Beginning with the line that contains "Placed my order", retype the entries below exactly, ending with the line that contains "- Look chic". Leave out any pictures.
Dataset content START
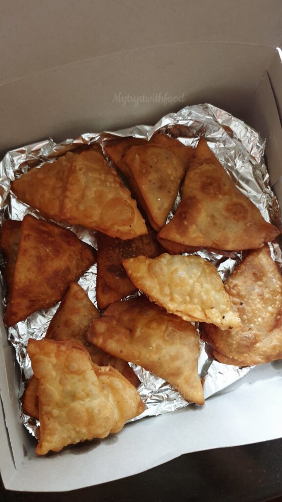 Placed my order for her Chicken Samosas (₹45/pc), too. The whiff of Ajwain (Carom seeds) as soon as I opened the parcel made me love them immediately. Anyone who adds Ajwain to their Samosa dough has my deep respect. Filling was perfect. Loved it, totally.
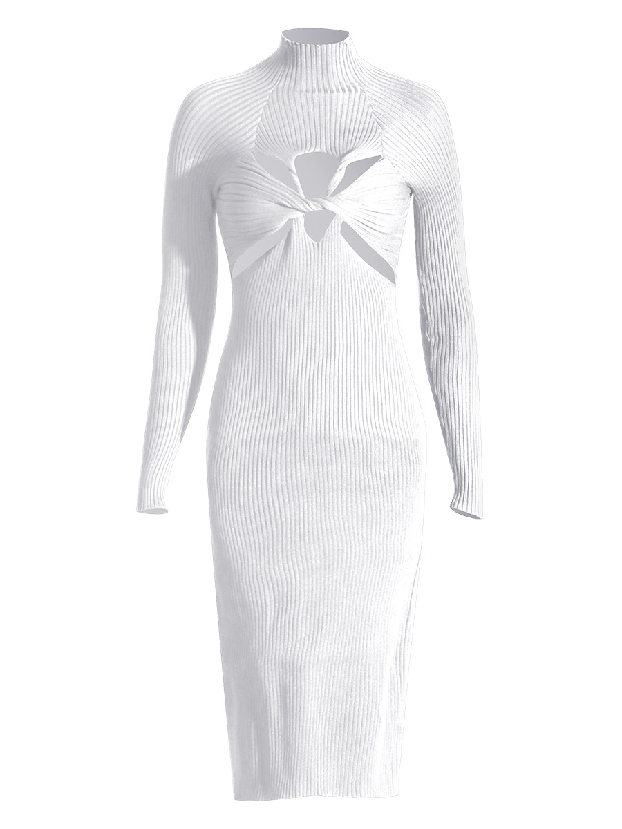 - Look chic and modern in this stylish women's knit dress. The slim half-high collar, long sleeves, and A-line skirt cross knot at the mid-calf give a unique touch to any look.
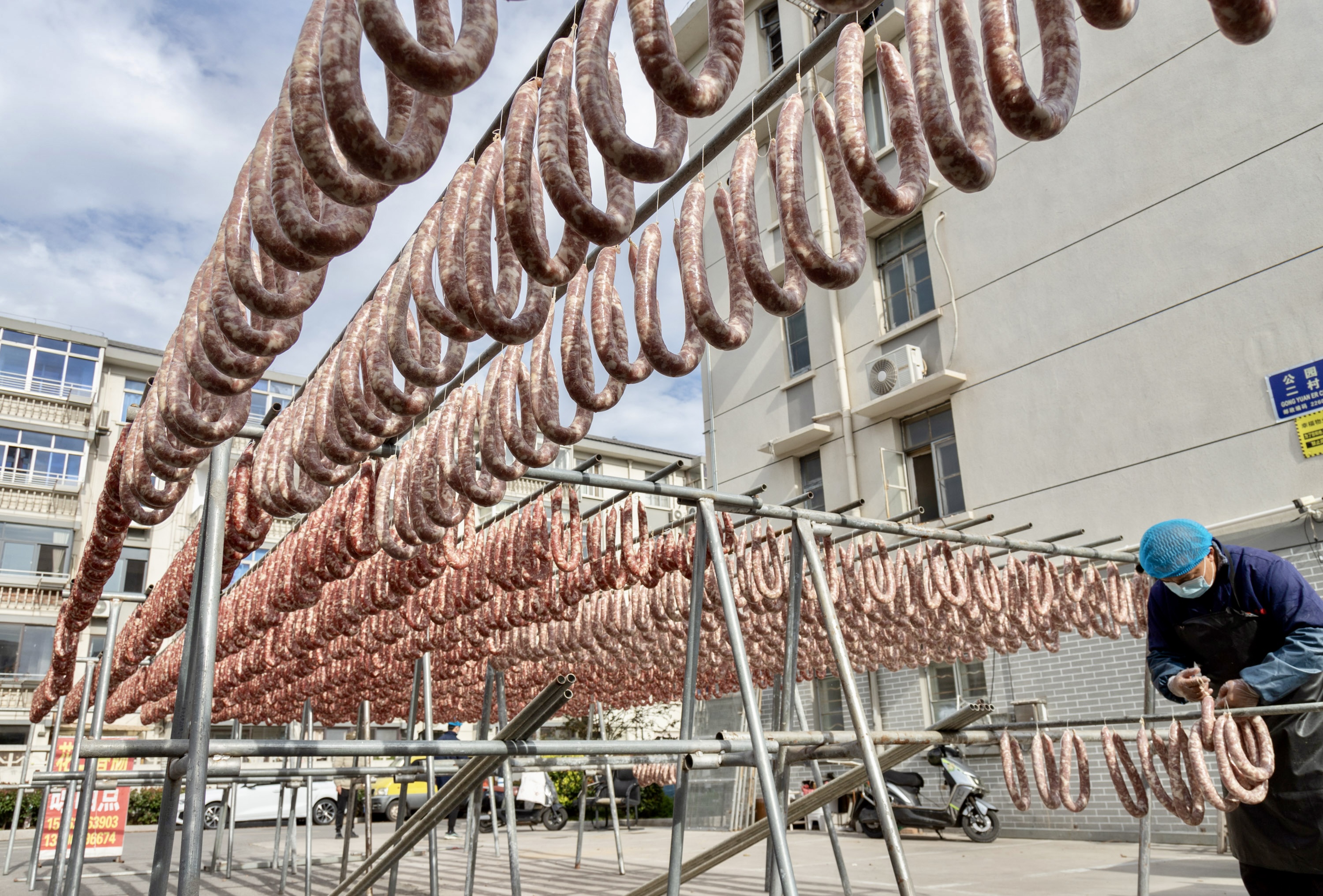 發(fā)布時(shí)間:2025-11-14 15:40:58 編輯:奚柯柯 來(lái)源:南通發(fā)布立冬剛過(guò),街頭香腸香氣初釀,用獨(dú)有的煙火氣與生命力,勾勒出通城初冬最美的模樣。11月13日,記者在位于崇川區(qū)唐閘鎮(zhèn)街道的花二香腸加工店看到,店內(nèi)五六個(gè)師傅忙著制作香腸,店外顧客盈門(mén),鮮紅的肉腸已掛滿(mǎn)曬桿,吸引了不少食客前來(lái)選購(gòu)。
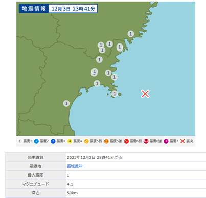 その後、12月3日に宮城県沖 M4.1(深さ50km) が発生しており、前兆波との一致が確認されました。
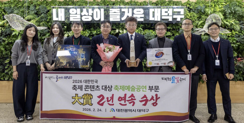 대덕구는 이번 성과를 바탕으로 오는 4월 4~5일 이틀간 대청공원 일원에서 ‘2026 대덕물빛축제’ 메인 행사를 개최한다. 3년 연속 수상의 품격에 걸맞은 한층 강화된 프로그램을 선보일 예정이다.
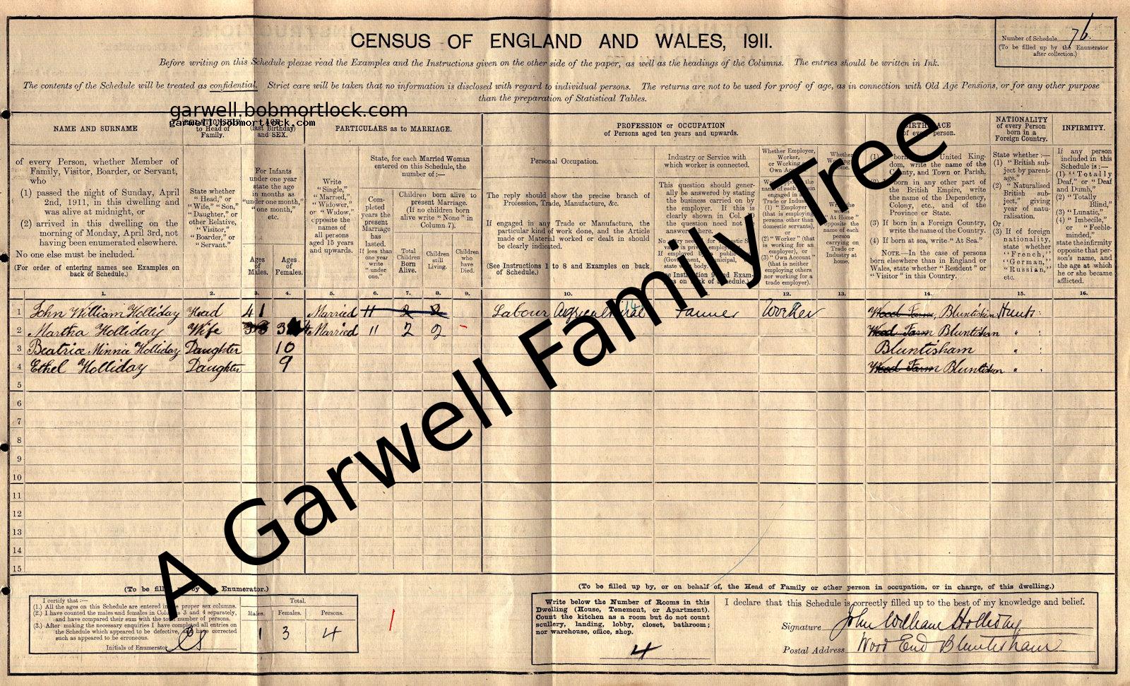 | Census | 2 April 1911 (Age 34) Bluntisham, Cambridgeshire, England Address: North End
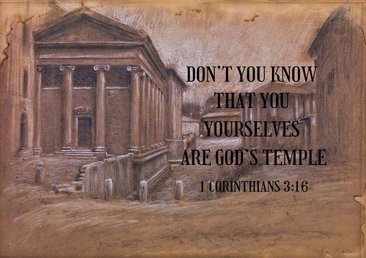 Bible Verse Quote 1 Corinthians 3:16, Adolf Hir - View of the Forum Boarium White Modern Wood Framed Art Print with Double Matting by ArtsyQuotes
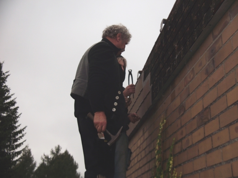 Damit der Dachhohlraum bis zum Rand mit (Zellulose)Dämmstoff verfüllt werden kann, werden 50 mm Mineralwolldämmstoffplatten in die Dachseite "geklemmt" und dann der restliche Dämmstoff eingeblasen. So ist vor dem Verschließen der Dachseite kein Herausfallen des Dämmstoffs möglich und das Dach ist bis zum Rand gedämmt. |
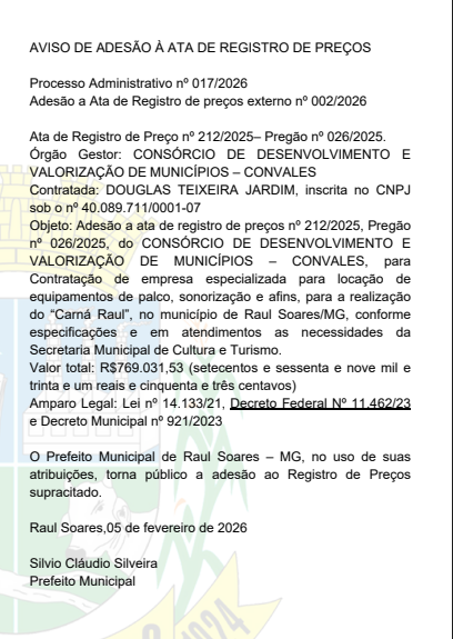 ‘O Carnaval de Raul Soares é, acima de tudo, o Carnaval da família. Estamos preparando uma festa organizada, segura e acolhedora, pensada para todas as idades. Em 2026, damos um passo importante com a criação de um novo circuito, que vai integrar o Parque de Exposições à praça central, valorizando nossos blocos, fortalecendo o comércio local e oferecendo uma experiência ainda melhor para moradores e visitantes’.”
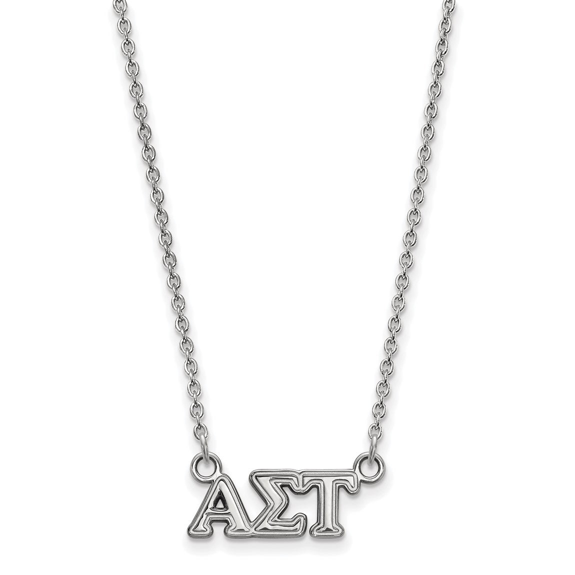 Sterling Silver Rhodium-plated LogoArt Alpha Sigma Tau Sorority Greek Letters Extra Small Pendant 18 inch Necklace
Dataset content END
Dataset content START
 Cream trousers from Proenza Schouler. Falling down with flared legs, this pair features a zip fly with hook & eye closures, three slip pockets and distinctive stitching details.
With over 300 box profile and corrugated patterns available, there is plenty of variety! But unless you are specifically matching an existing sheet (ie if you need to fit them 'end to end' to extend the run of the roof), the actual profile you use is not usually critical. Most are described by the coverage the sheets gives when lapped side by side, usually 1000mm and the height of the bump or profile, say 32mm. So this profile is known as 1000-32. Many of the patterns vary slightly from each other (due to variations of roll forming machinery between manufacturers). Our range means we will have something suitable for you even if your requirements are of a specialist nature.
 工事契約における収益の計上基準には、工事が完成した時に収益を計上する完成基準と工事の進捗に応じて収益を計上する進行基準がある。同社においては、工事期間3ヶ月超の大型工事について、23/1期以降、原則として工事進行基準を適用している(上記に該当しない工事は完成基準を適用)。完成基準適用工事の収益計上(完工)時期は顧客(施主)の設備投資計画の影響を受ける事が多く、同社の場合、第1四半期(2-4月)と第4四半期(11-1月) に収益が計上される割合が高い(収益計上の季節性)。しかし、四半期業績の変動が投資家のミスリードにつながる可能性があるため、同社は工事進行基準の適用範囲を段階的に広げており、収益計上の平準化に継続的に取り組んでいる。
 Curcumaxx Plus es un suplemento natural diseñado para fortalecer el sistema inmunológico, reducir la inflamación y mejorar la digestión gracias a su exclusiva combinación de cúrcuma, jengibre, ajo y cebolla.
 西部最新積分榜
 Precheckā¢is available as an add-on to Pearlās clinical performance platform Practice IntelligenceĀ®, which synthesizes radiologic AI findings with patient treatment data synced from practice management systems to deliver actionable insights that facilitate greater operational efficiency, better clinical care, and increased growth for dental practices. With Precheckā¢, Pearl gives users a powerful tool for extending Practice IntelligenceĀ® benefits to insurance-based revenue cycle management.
Dataset content END
Dataset content START
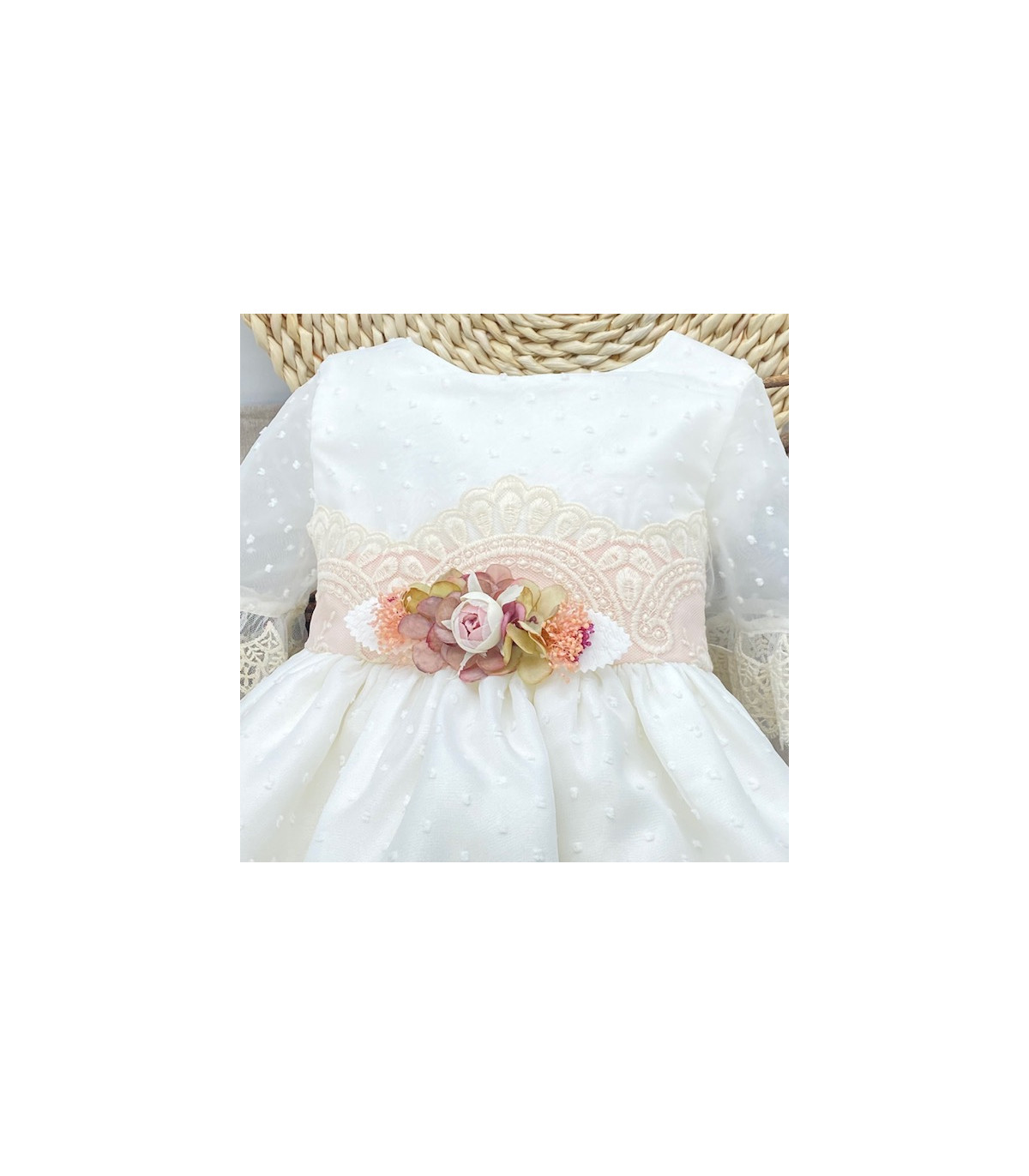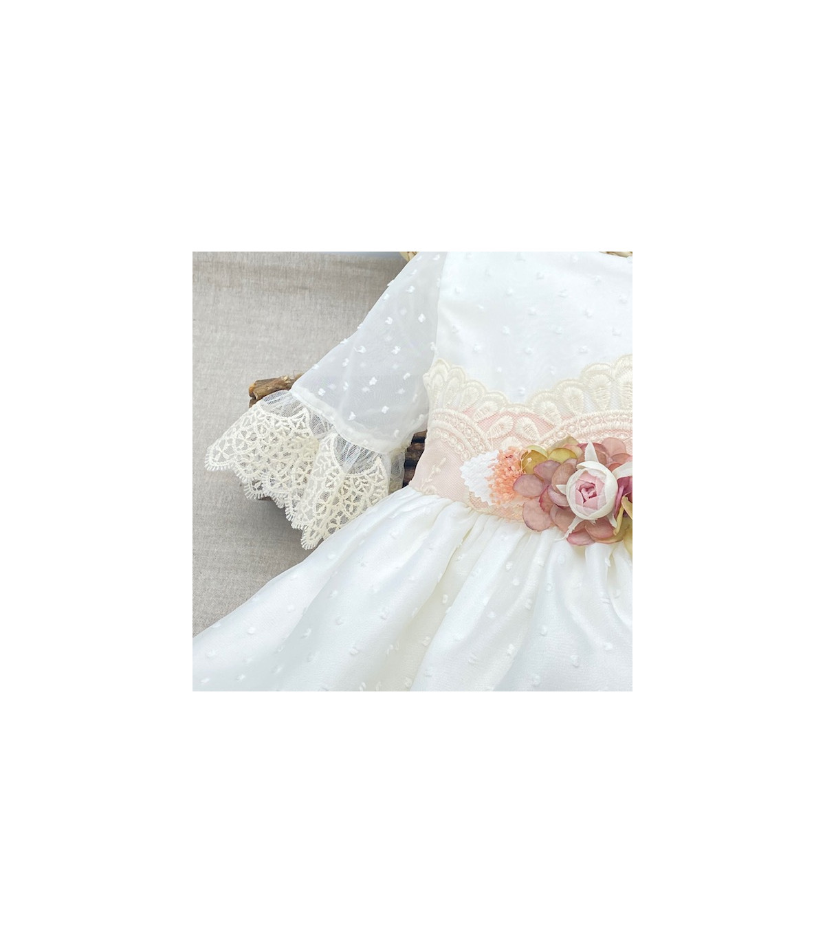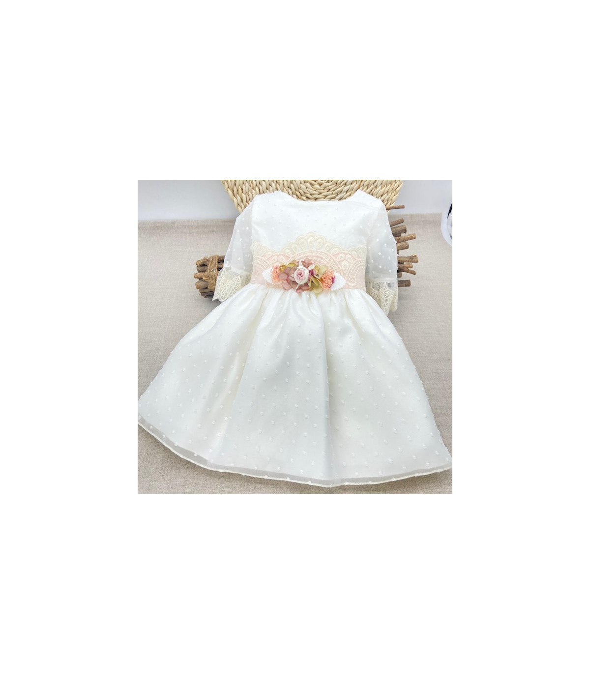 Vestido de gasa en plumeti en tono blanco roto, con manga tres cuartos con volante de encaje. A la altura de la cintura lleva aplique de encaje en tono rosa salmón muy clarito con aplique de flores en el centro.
Dataset content END
**Answer to this problem**
 Placed my order for her Chicken Samosas (₹45/pc), too. The whiff of Ajwain (Carom seeds) as soon as I opened the parcel made me love them immediately. Anyone who adds Ajwain to their Samosa dough has my deep respect. Filling was perfect. Loved it, totally.
 - Look chic and modern in this stylish women's knit dress. The slim half-high collar, long sleeves, and A-line skirt cross knot at the mid-calf give a unique touch to any look.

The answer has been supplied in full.